Another event we've found really useful is a weekly thing where we take a
classroom in one of the CS buildings, and designate it for a night for people
to code. We order food and stuff, usually 15-20 people show up every week.

You're not going to necessarily change the vast majority of students that
don't care, but if you can join everyone else together, and maybe draw some
people who are on the fringe one way or another, you can have something pretty
cool.

------
Deadsunrise
start a hackerspace or at least copy some ideas from
<http://hackerspaces.org/wiki/Design_Patterns>

Try to create a space where people can "make" things, maybe having tools,
doing stuff with arduinos, android apps, etc.. I'm sure that there's some
people interested about that kind of stuff. Fun small geeky projects.
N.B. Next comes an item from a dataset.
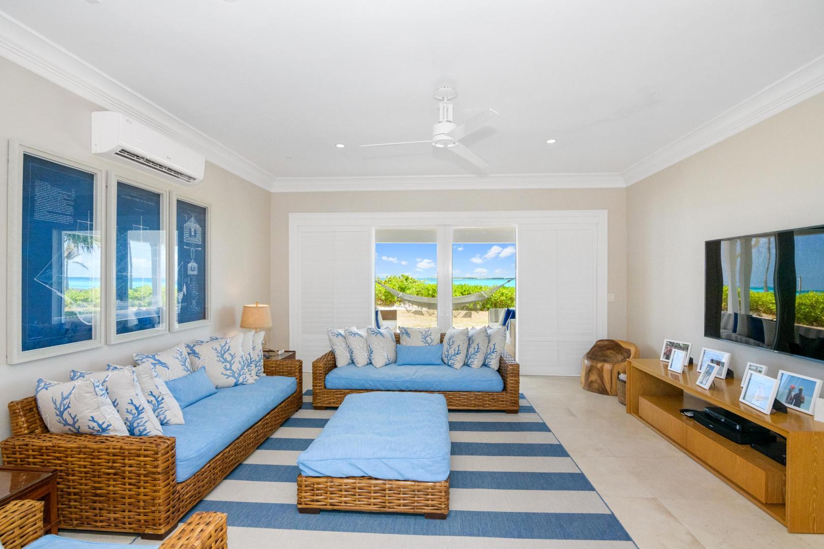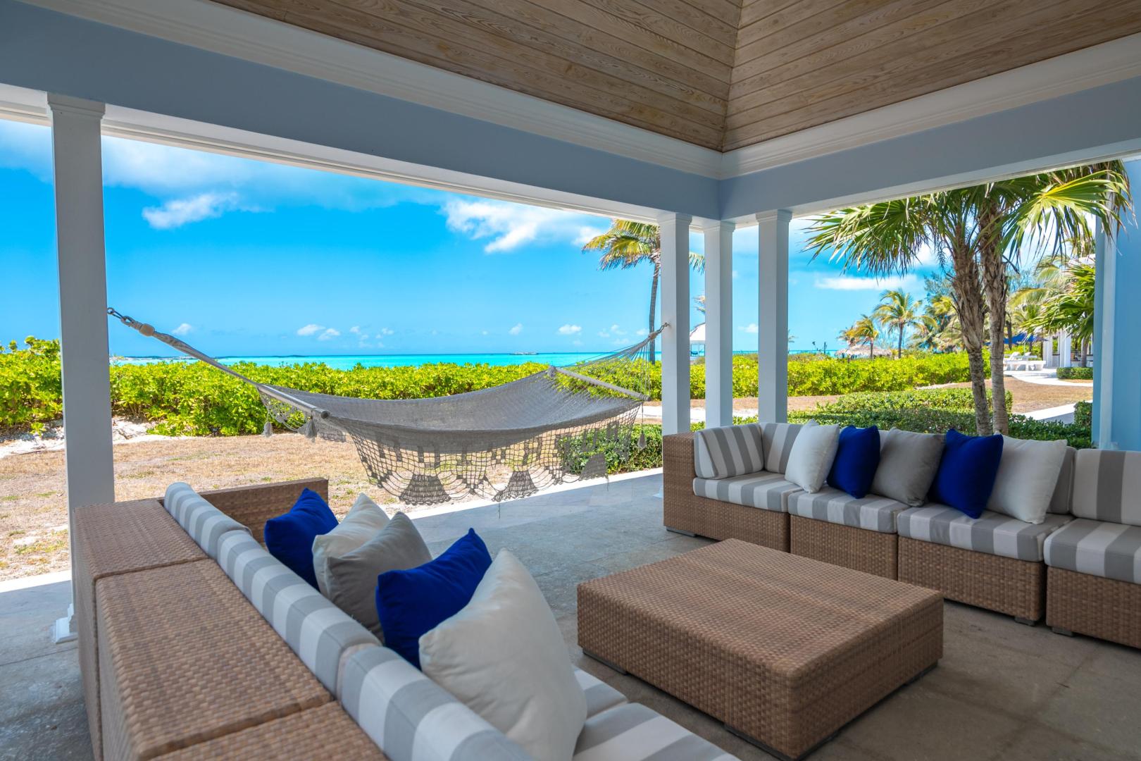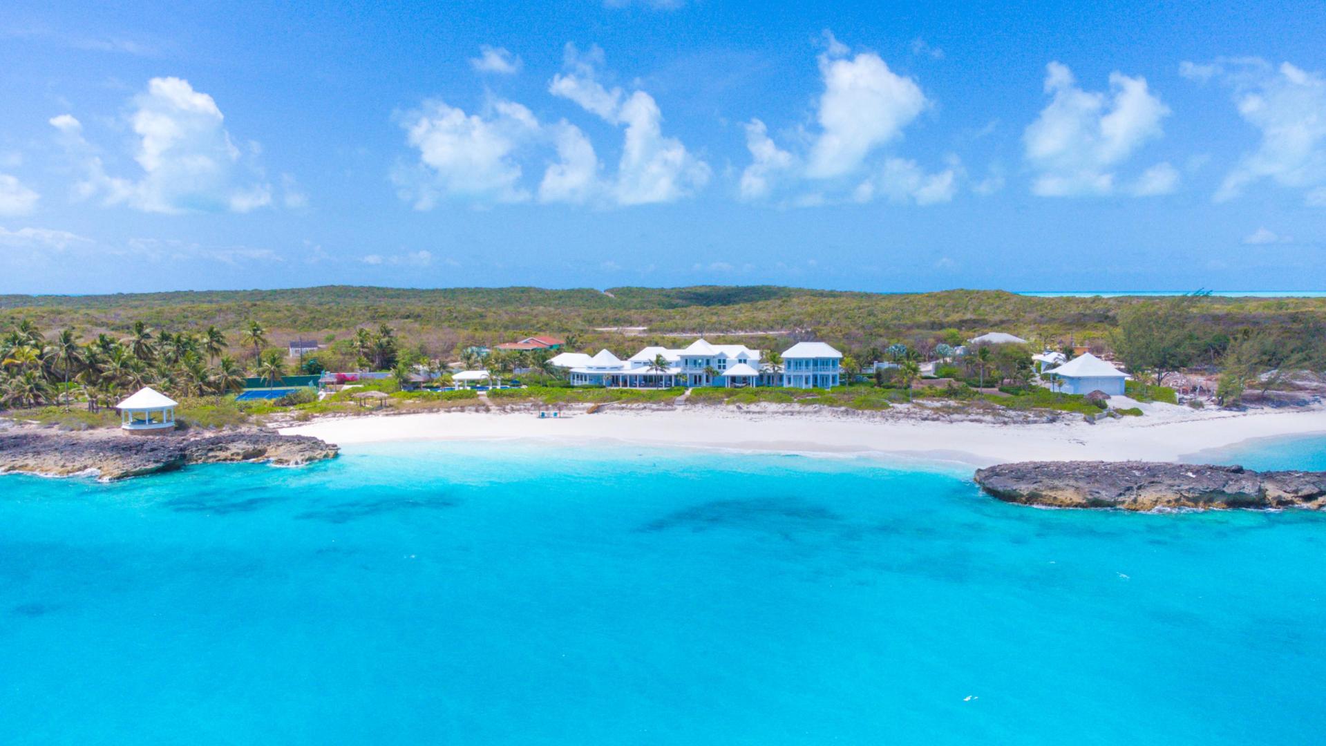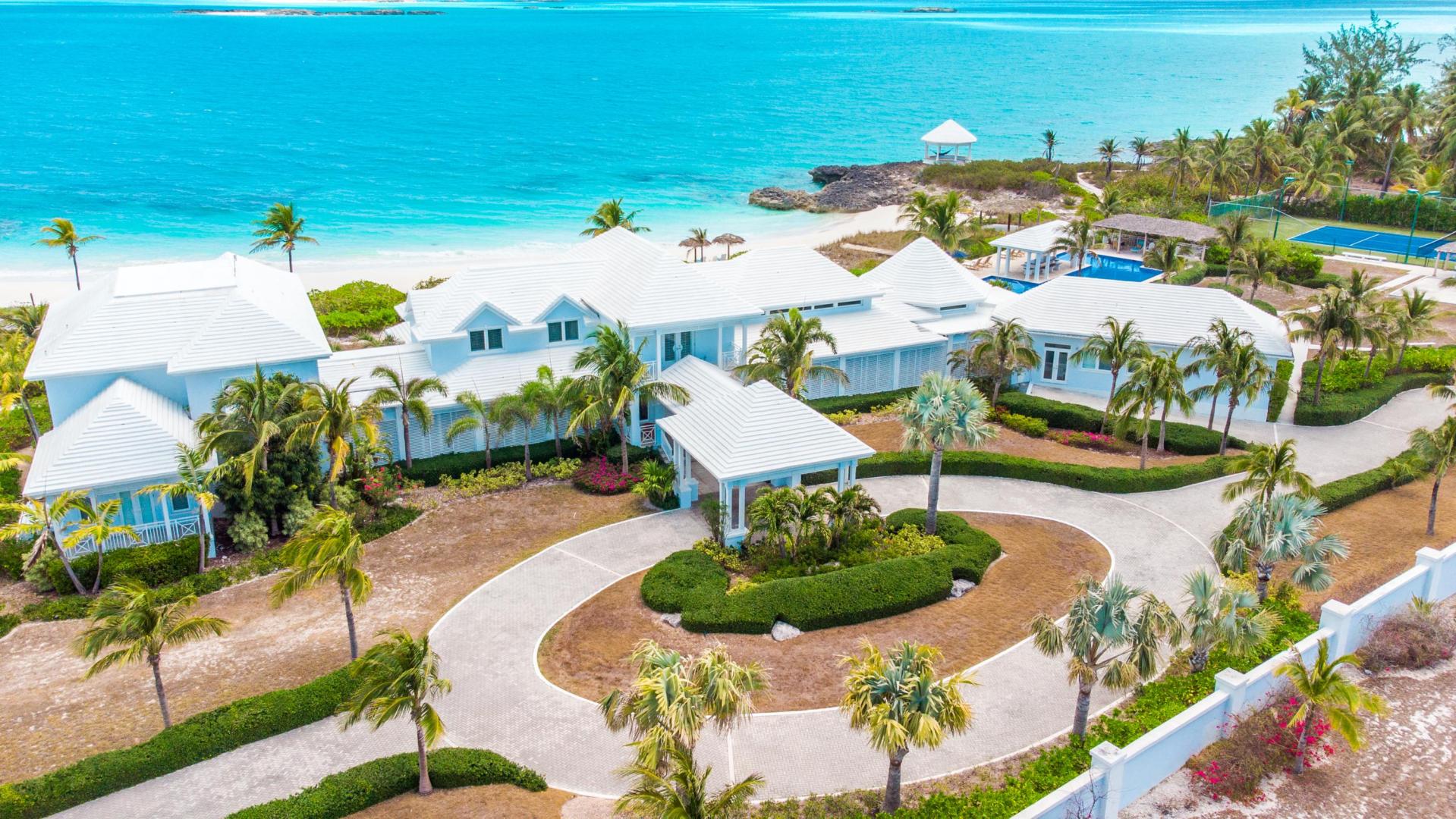 Welcome to Sandy Blue, your private oasis in the Exumas. Set on a spacious 4.4-acre lot that overlooks two of the most incredible private beach coves, this 9,208-sq.ft. home has everything you need to relax, unwind, and enjoy a dream-come-true escape without ever having to leave the comfort of your vacation home.
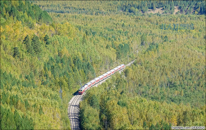 2022年8月29日。嫩林线。上午,DF4D牵引呼伦贝尔号行驶在大兴安岭的密林之间。

I'm starting a hackerspace in bilbao and finding people has been the easiest
part. Just make something cool and fun and create a nice environment. Think
about the lighting, most people love our projector with xbmc, visualizations
and c64 music over a huge wall. We are also starting a ruby users group.

------
bo_Olean
yes, as @davorak said cultural changes doesn't happen overnight. also,
"starting small and expanding - that's a good thought."

we started with events on occasion of global events like celebrating open
source day, wiki days or other global happening, getting support from the
organizing bodies. they are now performed yearly after we graduated.

don't forget to include geeks from your junior circle. since they will be the
one to continue your effort after you graduate. what we will do is convey the
message about the geek/community culture, collaboration culture. feeling
depressed why other students don't think that way is completely waste of time,
get over it.

------
octopus
Create a club in which you will propose interesting topics like: "Learning
Python", "Lisp as a better programming language", "CUDA programming", you name
it ... propose what you like more and it is not covered by your CS curriculum.